▶ _Your instructions_
Print the whole listing exactly as it appears, but skip the pictures.

▶ _Provided material_

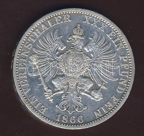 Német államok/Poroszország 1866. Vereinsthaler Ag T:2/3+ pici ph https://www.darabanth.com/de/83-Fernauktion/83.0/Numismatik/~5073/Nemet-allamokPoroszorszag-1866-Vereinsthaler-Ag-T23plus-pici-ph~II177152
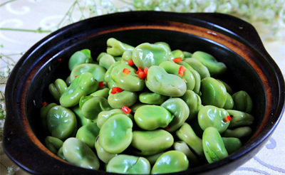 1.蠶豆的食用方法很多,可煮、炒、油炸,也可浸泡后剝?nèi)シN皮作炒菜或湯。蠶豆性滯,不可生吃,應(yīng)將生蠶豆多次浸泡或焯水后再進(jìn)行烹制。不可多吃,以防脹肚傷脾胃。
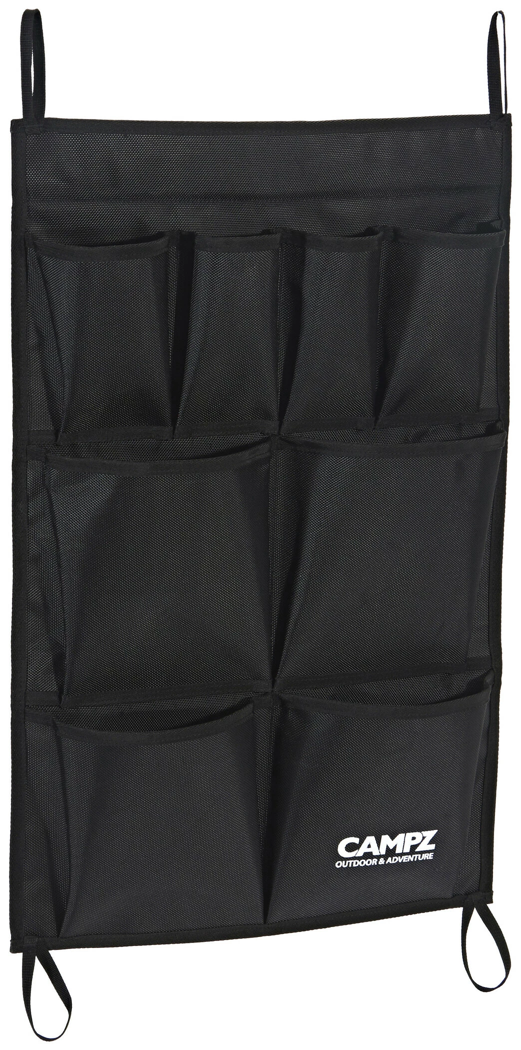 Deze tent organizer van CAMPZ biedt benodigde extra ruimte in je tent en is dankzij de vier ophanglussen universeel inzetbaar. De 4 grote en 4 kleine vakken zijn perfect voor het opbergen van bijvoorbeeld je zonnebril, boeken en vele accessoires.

▶ _Task result_
 Német államok/Poroszország 1866. Vereinsthaler Ag T:2/3+ pici ph https://www.darabanth.com/de/83-Fernauktion/83.0/Numismatik/~5073/Nemet-allamokPoroszorszag-1866-Vereinsthaler-Ag-T23plus-pici-ph~II177152
 1.蠶豆的食用方法很多,可煮、炒、油炸,也可浸泡后剝?nèi)シN皮作炒菜或湯。蠶豆性滯,不可生吃,應(yīng)將生蠶豆多次浸泡或焯水后再進(jìn)行烹制。不可多吃,以防脹肚傷脾胃。
 Deze tent organizer van CAMPZ biedt benodigde extra ruimte in je tent en is dankzij de vier ophanglussen universeel inzetbaar. De 4 grote en 4 kleine vakken zijn perfect voor het opbergen van bijvoorbeeld je zonnebril, boeken en vele accessoires.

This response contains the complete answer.